Copy the entries below verbatim, omitting any pictures they contain.

[Stored entries]
=== Section Start ===
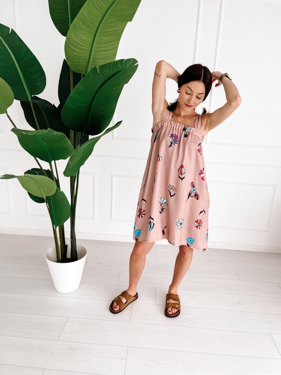 Luźny fason na ramiączkach pięknie układa się na sylwetce, a elastyczna gumka nad biustem delikatnie dopasowuje się do figury, podkreślając jej kształty bez uczucia ucisku. Grubsze ramiączka gwarantują wygodę i stabilność noszenia przez cały dzień.
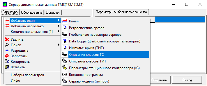 Для добавления описания классов ТС в структуру сервера динамических данных необходимо:
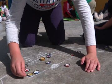 Fútbol Regresa el fútbol chapas al patio de un colegio en Sevilla: "Las intercambian luego en el parque"
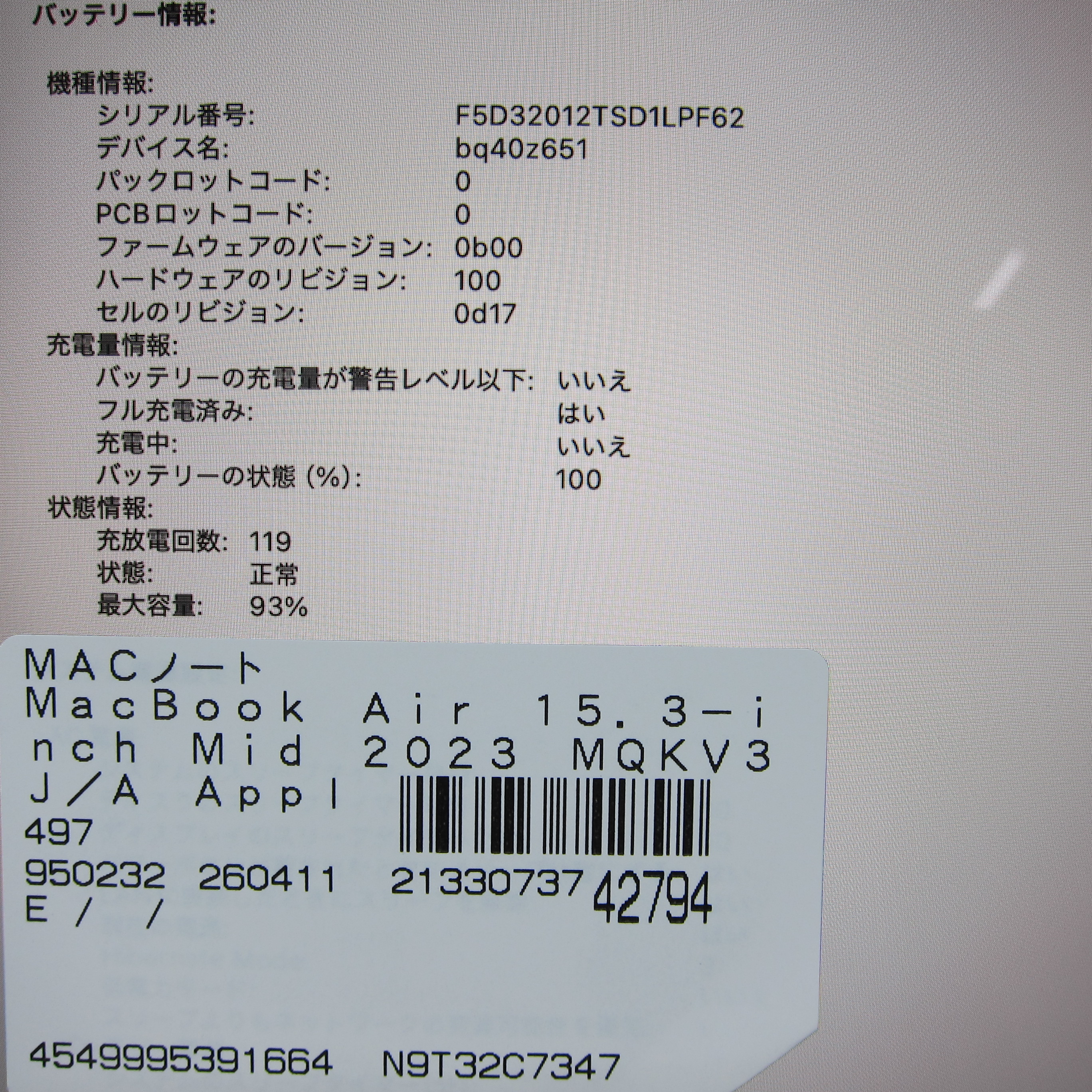 〔中古品〕 MacBook Air 15.3-inch Mid-2023 MQKV3J/A Apple M2 8コアCPU_10コアGPU 16GB SSD512GB スターライト 〔26.3 Tahoe〕 [グラフィック:オンボード/JISキーボード]
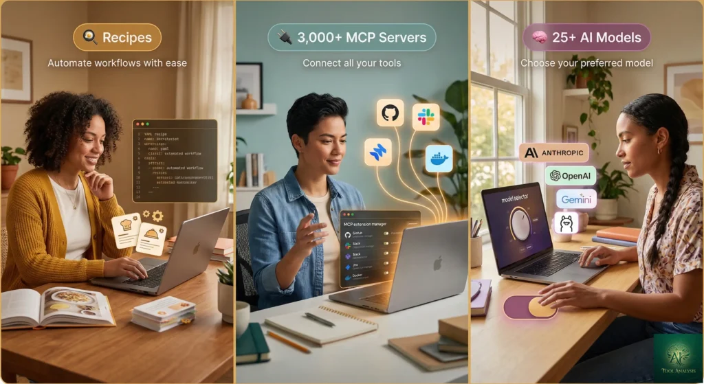 Three features set Goose apart: Recipes, MCP integration, and model flexibility
=== Section End ===
Output for this exercise:
 Luźny fason na ramiączkach pięknie układa się na sylwetce, a elastyczna gumka nad biustem delikatnie dopasowuje się do figury, podkreślając jej kształty bez uczucia ucisku. Grubsze ramiączka gwarantują wygodę i stabilność noszenia przez cały dzień.
 Для добавления описания классов ТС в структуру сервера динамических данных необходимо:
 Fútbol Regresa el fútbol chapas al patio de un colegio en Sevilla: "Las intercambian luego en el parque"
 〔中古品〕 MacBook Air 15.3-inch Mid-2023 MQKV3J/A Apple M2 8コアCPU_10コアGPU 16GB SSD512GB スターライト 〔26.3 Tahoe〕 [グラフィック:オンボード/JISキーボード]
 Three features set Goose apart: Recipes, MCP integration, and model flexibility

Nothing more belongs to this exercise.